### Work to complete
Where the lines below hold images, skip those and copy every word exactly.

### Data block
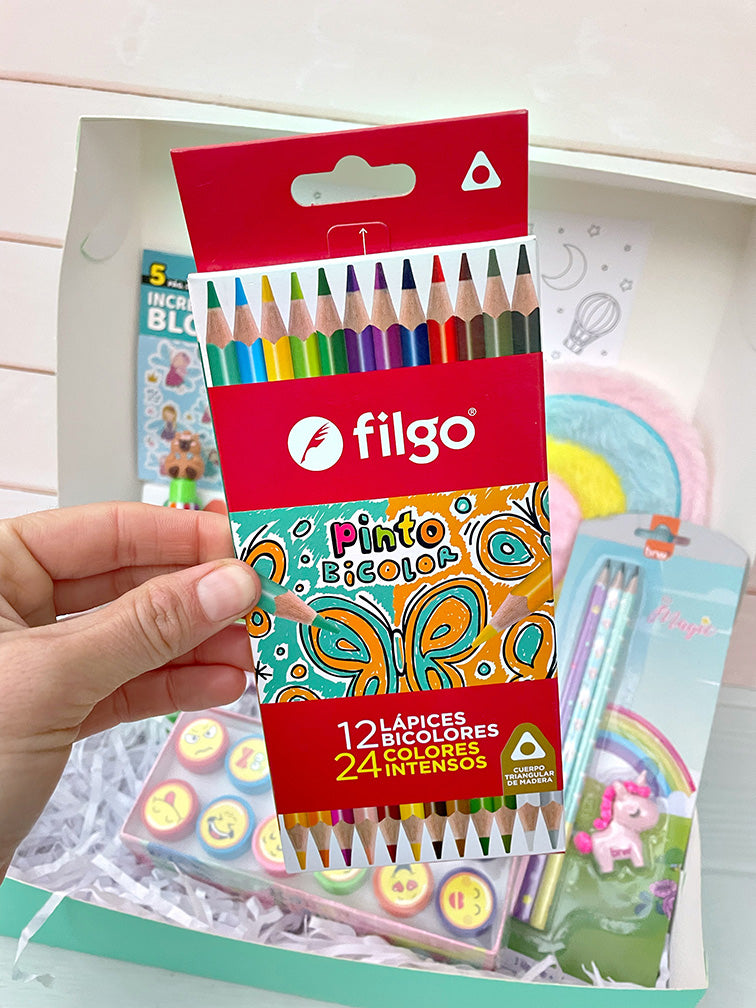 - Cajita con 12 colores Filgo doble punta (24 en total).
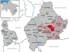 Se encuentra ubicado al sureste del estado, a poca distancia de la frontera con el estado de Sajonia-Anhalt.
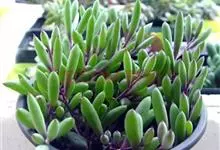 紫玄月中文正式名黄花新月,属于菊科厚敦菊属菊属的被子植物。紫玄月又称紫弦月、紫佛珠、紫葡萄、玉翠楼等,它的原产地现在还没有官方明确记载。多肉植物的吊兰品种之一,叶片非常奇特,常被误认为千里光属。全部>>

### Solution for this problem
 - Cajita con 12 colores Filgo doble punta (24 en total).
 Se encuentra ubicado al sureste del estado, a poca distancia de la frontera con el estado de Sajonia-Anhalt.
 紫玄月中文正式名黄花新月,属于菊科厚敦菊属菊属的被子植物。紫玄月又称紫弦月、紫佛珠、紫葡萄、玉翠楼等,它的原产地现在还没有官方明确记载。多肉植物的吊兰品种之一,叶片非常奇特,常被误认为千里光属。全部>>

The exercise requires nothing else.